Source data
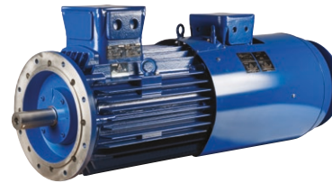
E..DB / E..DC / E..HB / E..HC (Brake) Ex db / Ex db eb IE1-IE2-IE3-IE4 0.18 - 200 kW
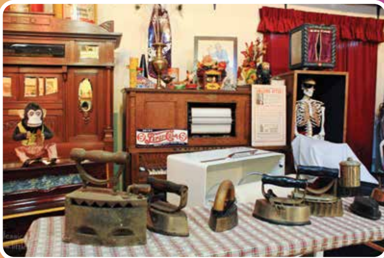
Dr. Ted's Musical Marvels Museum

The Indianapolis Motor Speedway Hall of Fame Museum is on the grounds of the famed Indianapolis Motor Speedway, a National Historic Landmark since 1987. The museum appeals to more than just the racing enthusiast! Displayed, are more than 75 racing cars, including Indianapolis winners as well as race cars from internationally renowned motor sports events world-wide. Also displayed are several examples of early antique and classic passenger cars. Many of these cars were built here in Indianapolis, such as the Stutz, Cole, Marmon, National and Duesenberg. Three of the first four 500 winning cars are permanently on exhibit, including the Marmon "Wasp" which won the first 500-Mile Race in 1911. The Marmon "Wasp" was the first single-seat race car and is believed to be the first automobile to make use of the rear view mirror. A trip around the famous oval in one of the Speedway vehicles is offered to the public whenever the track is not in use for racing, testing, or closed due to weather conditions.
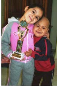
"I love my SuperSib sister"
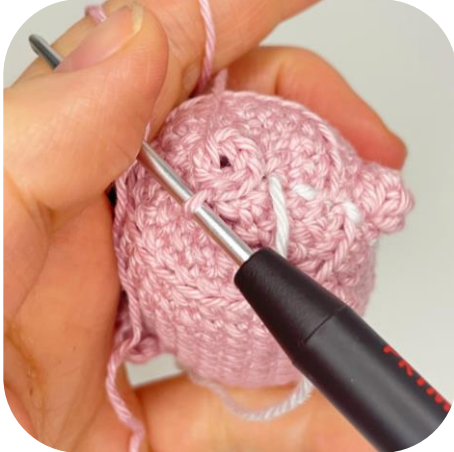
Illustration 3: Crocheting the tail
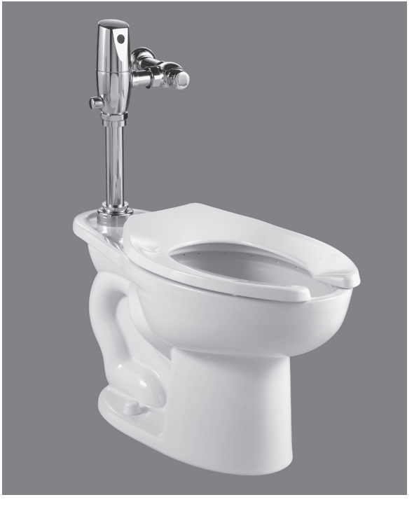
SEE REVERSE FOR ROUGHING-IN DIMENSIONS
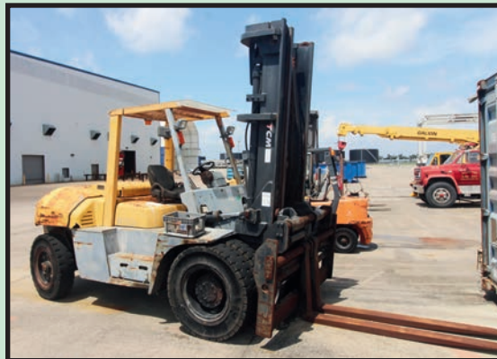
TCM 22,000-LB. BASE CAP. DIESEL FORKLIFT
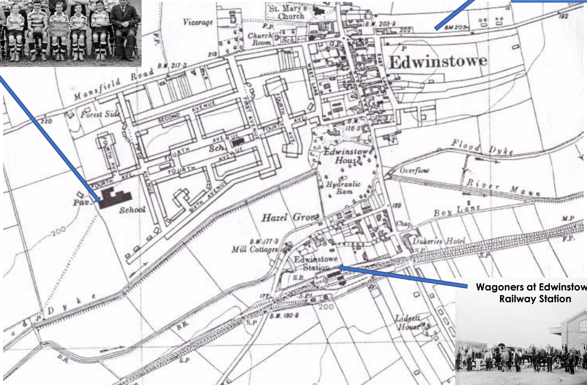
Wagoners at Edwinstowe Railway Station
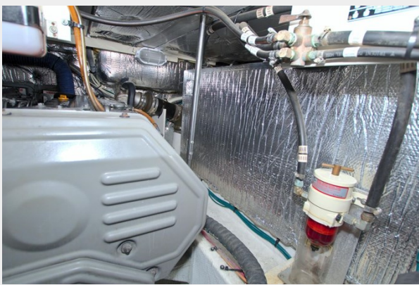
2007-cruisers-yachts-415-express- motoryacht-power-9411350- 20240604084051064-1_XLARGE
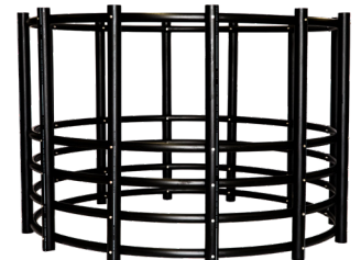
8' x 66" Bull Feeder
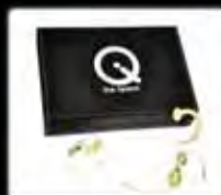
Q the Talent - headworn mic for the budget conscience
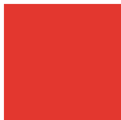
38888PFX Epic PF Orange

Wilflex™ Epic™ MX Color Mixing System offers 17 translucent to semi-opaque intermixable colors with a matte finish. This easy-to-mix color mixing system creates Pantone®-simulated colors for high production screen printing runs.
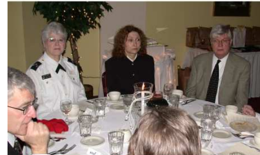
SHPS 2007 Change of Watch at Peter's Place
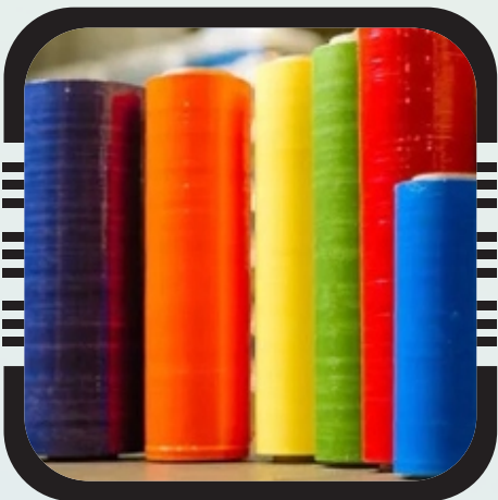
Colored Stretch Wrap
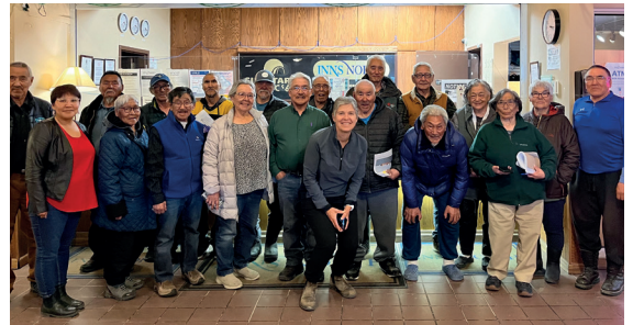
ᓂᓂᓂᓐᐅᓂᓂᓐ ᓄᓄᓄᓐᐅᓂᓂᓐ ᓂᓂᓂᓐᐅᓂᓂᓐ ᐅᓂᓂᓐᐅᓂᓂᓐ ᓂᓂᓂᓐᐅᓂᓂᓐ
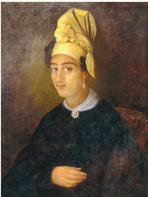
Wearing a turban or head wrap called a tignon (tee-yohn) was a stylish way to show pride in being a woman of color. The custom grew out of a time when women of color in Louisiana had been required to wear head scarves.

New Orleans' free people of color took pride in their unique identity. Public squares in certain neighborhoods—especially Congo Square in the Tremé neighborhood—became gathering places where people of color socialized and where musicians and dancers performed in the
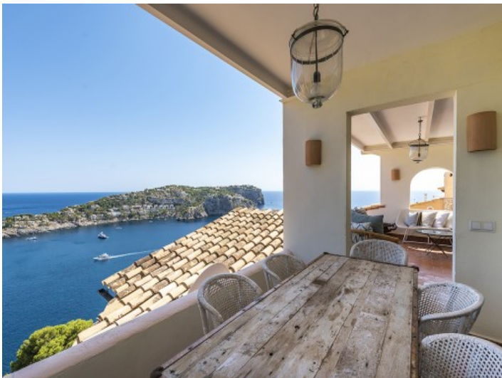
Dining area with fantastic sea views
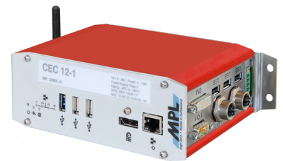
Solution with M12 (EN 50155)

## Required work
What is needed is a word-for-word copy of the lines from the one containing "38888PFX Epic PF Orange" through the final line of the records above, both included, with the pictures left out.

## Exercise output
38888PFX Epic PF Orange

Wilflex™ Epic™ MX Color Mixing System offers 17 translucent to semi-opaque intermixable colors with a matte finish. This easy-to-mix color mixing system creates Pantone®-simulated colors for high production screen printing runs.
SHPS 2007 Change of Watch at Peter's Place
Colored Stretch Wrap
ᓂᓂᓂᓐᐅᓂᓂᓐ ᓄᓄᓄᓐᐅᓂᓂᓐ ᓂᓂᓂᓐᐅᓂᓂᓐ ᐅᓂᓂᓐᐅᓂᓂᓐ ᓂᓂᓂᓐᐅᓂᓂᓐ
Wearing a turban or head wrap called a tignon (tee-yohn) was a stylish way to show pride in being a woman of color. The custom grew out of a time when women of color in Louisiana had been required to wear head scarves.

New Orleans' free people of color took pride in their unique identity. Public squares in certain neighborhoods—especially Congo Square in the Tremé neighborhood—became gathering places where people of color socialized and where musicians and dancers performed in the
Dining area with fantastic sea views
Solution with M12 (EN 50155)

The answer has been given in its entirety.